Some pockets of the Left display a similar calculus. Joe Biden made headlines earlier this month with his inclusion of bioethicist Ezekiel Emanuel on his Public Health Advisory Committee. The inclusion was noteworthy due to Emanuel’s lengthy piece in The Atlantic back in 2014, in which he explained why he wished to die at age 75. It’s an ironic choice for Biden, of course, considering the Democratic presidential frontrunner is currently older than his public health advisor’s self-declared desired death age, and also because that age group is precisely the one whose health is most at risk from Chinese coronavirus. Emanuel’s reasoning in the article, though, is familiar: there are more important things than prolonged life. For him, death is preferable to the physical trials of aging past a certain point.

Lastly, social conservative R.R. Reno has provoked a flurry of backlash with a trio of articles published in First Things, the magazine he edits, calling quite literally to start “Questioning the Shutdown.” In response to Gov. Andrew Cuomo hoping drastic measures will “save just one life,” Reno writes, “Everything for the sake of physical life? What about justice, beauty, and honor? There are many things more precious than life.” Reno’s contention is more acute in his call to keep the churches open: “Christians we have higher priorities. Our end is in God.” For Reno, our self-imposed alienation from each other and God’s Sacraments conveys disordered priorities.

The civil libertarians worried about preserving “liberty,” progressives looking to avoid the suffering of aging, and social conservatives seeking to subordinate this life to the next have more in common than not. Each recognizes that life—this life, this physical existence before our inevitable demise—is for something other than itself. The question becomes for what (or, more accurately, for Whom) we are made.

In the wake of a global pandemic, social and religious conservatives rightly bristle at the prospect of widespread death. But I worry that social conservatives have also increasingly adopted a dangerous sense of vitalism that neglects the proper order of things. We are pro-life, the argument goes, so we must do everything medically possible to prolong life. We are pro-life, so we must oppose capital punishment. We are pro-life, so we must be pacifists. But to oppose the unjust killing of the innocent, as we must, is far different from a radical vitalism that seeks to avoid all death. Each of these misapplications of the “pro-life” umbrella reveals that we have elevated physical existence to the Highest Good, forgetting that there are far worse things than death. It is a great tragedy to lose any life. But far more tragic to lose eternal life.
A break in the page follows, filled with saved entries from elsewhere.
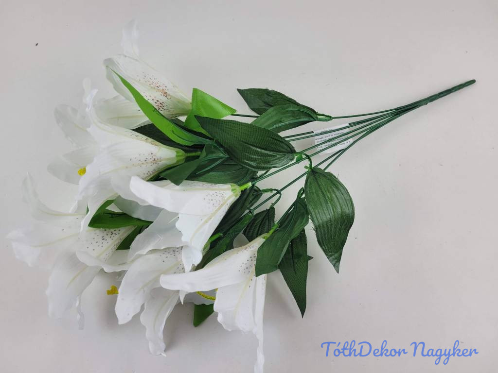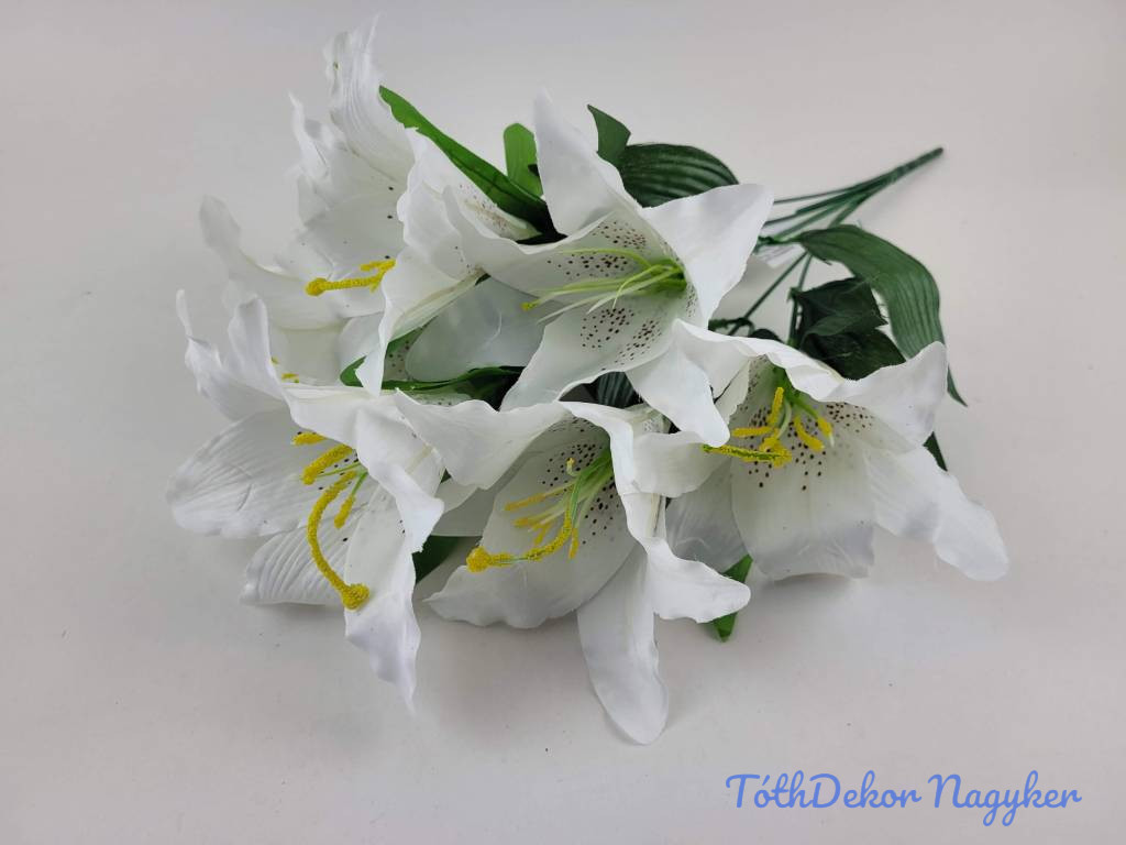 Liliom 7 fejes selyemvirág csokor 49cm - Fehér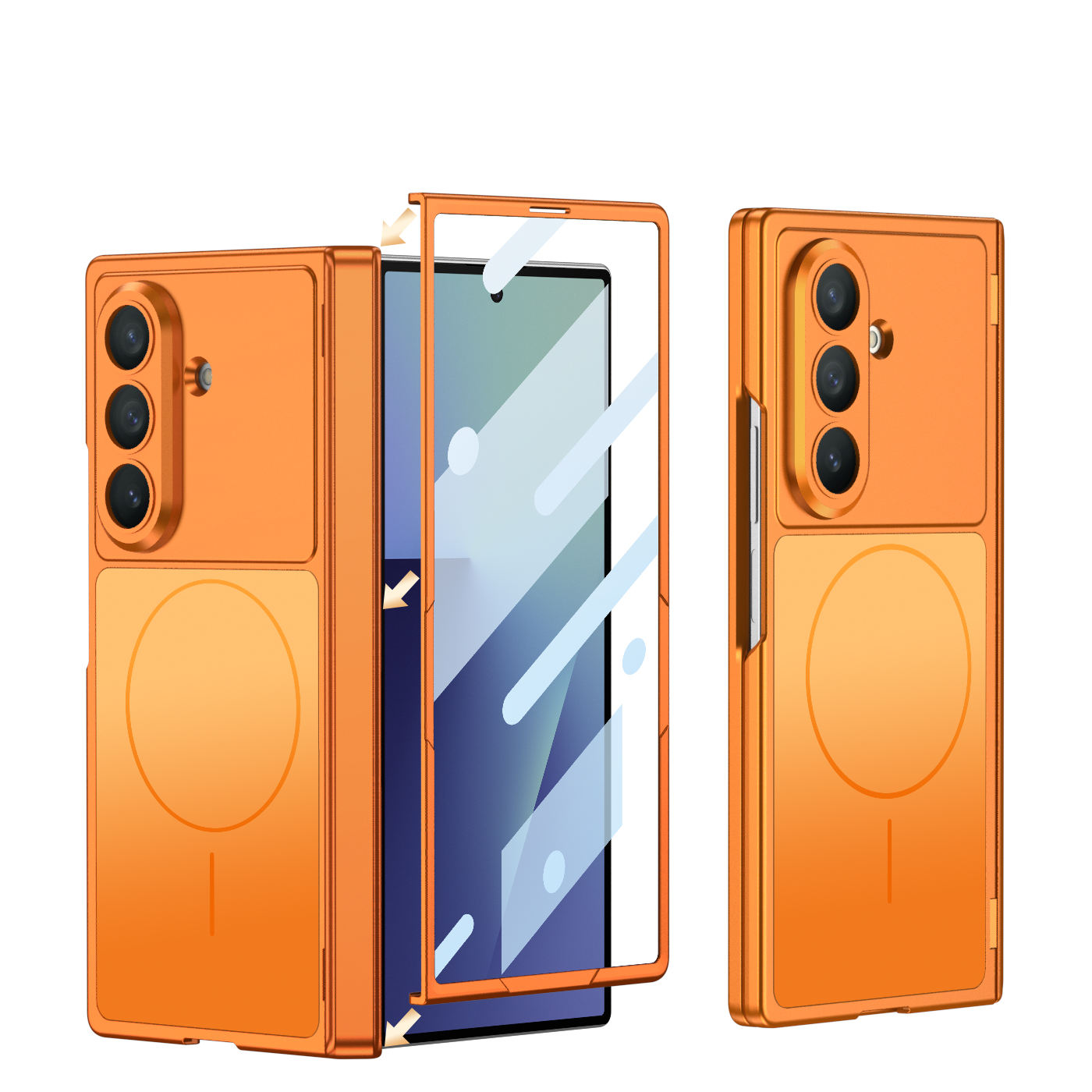 เคสป้องกันแบบเต็มพื้นที่สีพื้นใหม่ พร้อมระบบชาร์จไร้สายและบานพับแม่เหล็ก สำหรับ Samsung Z Fold7/6
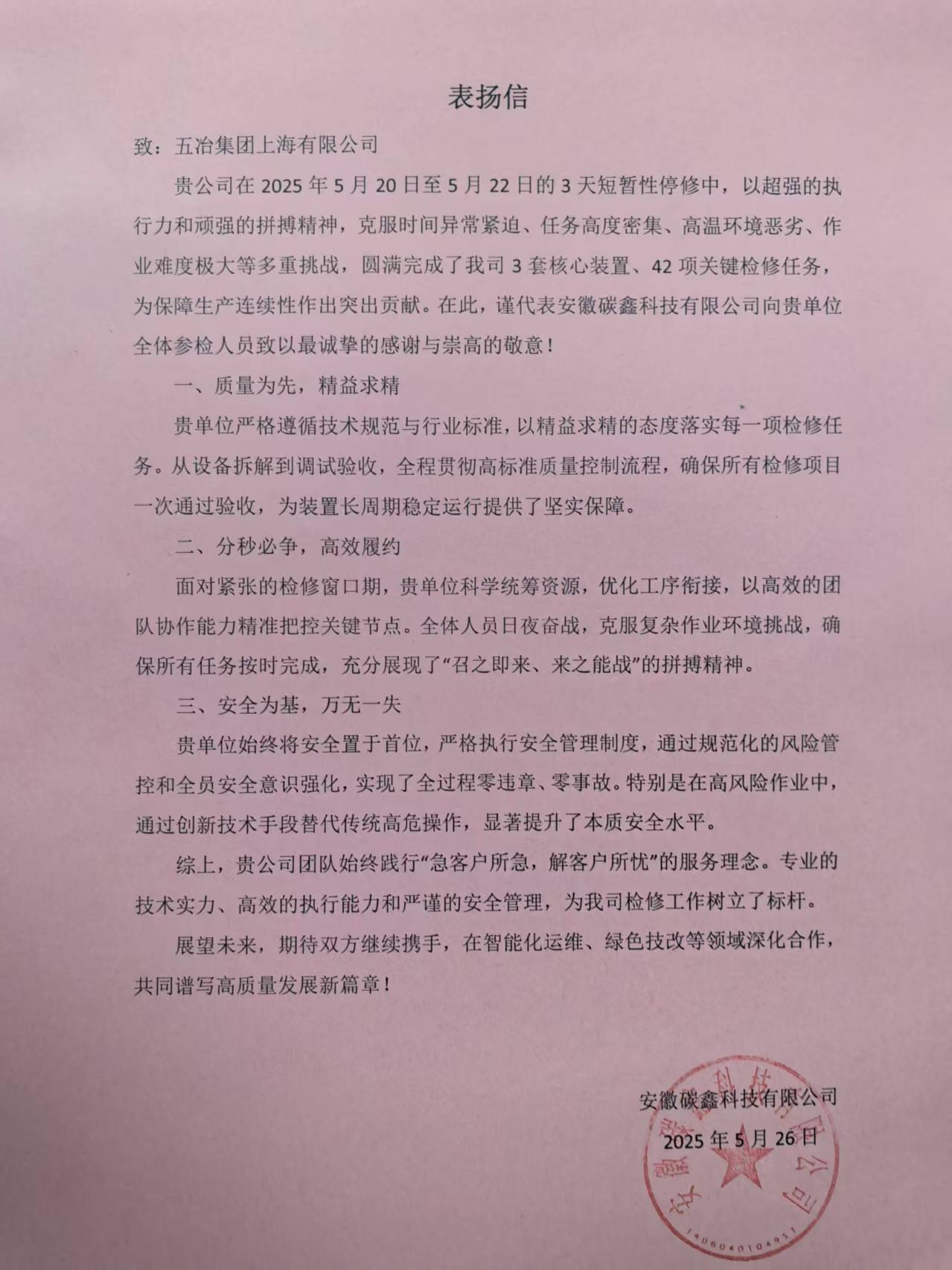 近日,中國五冶集團工程技術服務公司淮北作業部收到業主單位安徽碳鑫科技有限公司錦旗及表揚信,對淮北作業部在5月份短暫性停修中展現出的專業素養、高效響應和卓越服務給予高度肯定。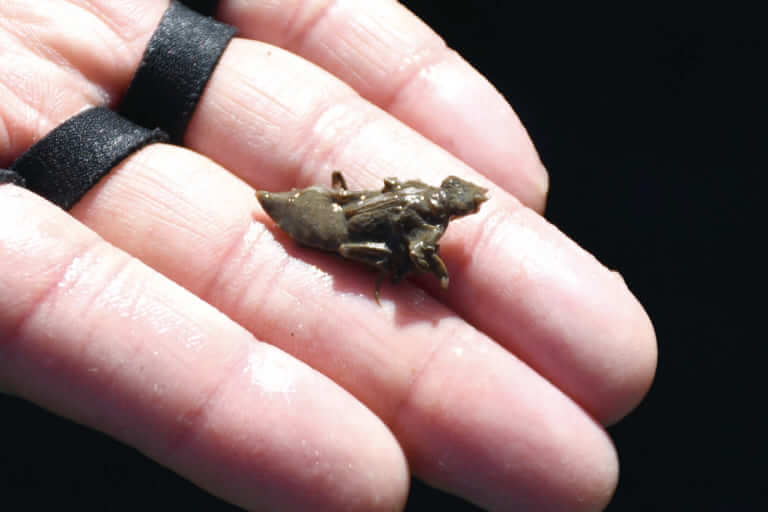 ヤゴの他にはエビ系などもまれに食べているという。冬はエビゴリが冬眠してしまうので、捕食されることは少ない。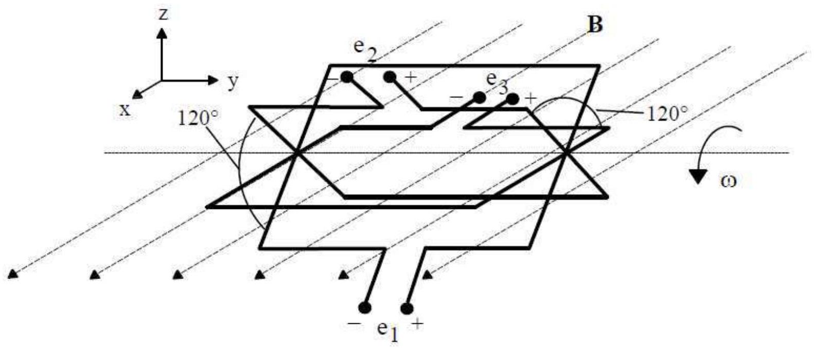 Consideriamo un sistema di tre spire alimentate ciascuna da una componente di un **sistema trifase equilibrato di correnti**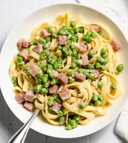 Spaghetti alla Panna in Käse Sahnesauce mit Schinken und Erbsen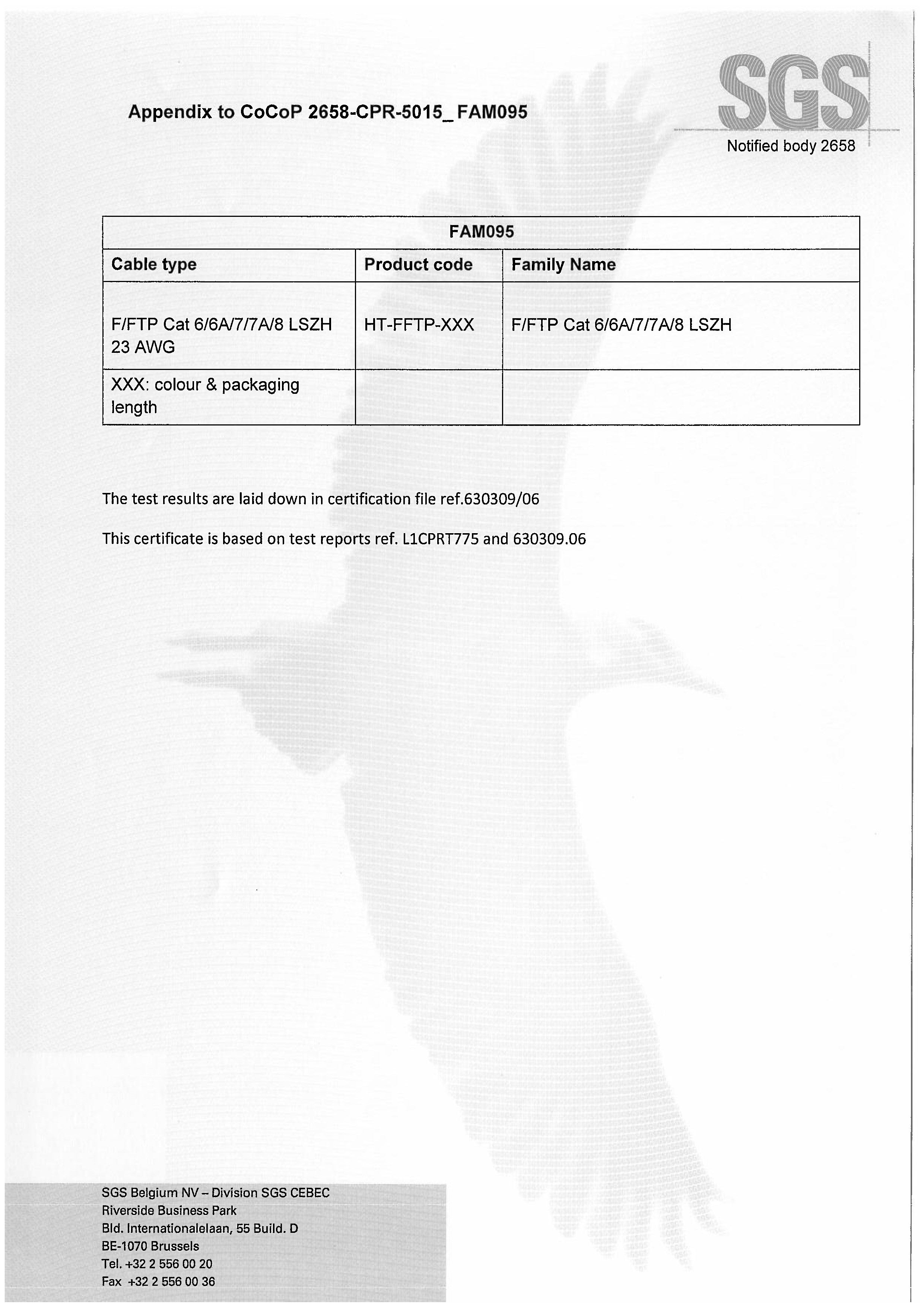 FFTP Cat 66A77A8 LSZH SGS CPR B2級

Whether or not the shutdown skeptics prove correct, they raise important questions as we plunge further into economic recession and self-imposed alienation. The Chinese coronavirus pandemic is a trying time for the whole world. But if there is to be a silver lining to this pandemic, let’s listen to the shutdown skeptics who force us to consider what we’re living for. After all, it’s only by properly ordering our lives that we’re truly alive.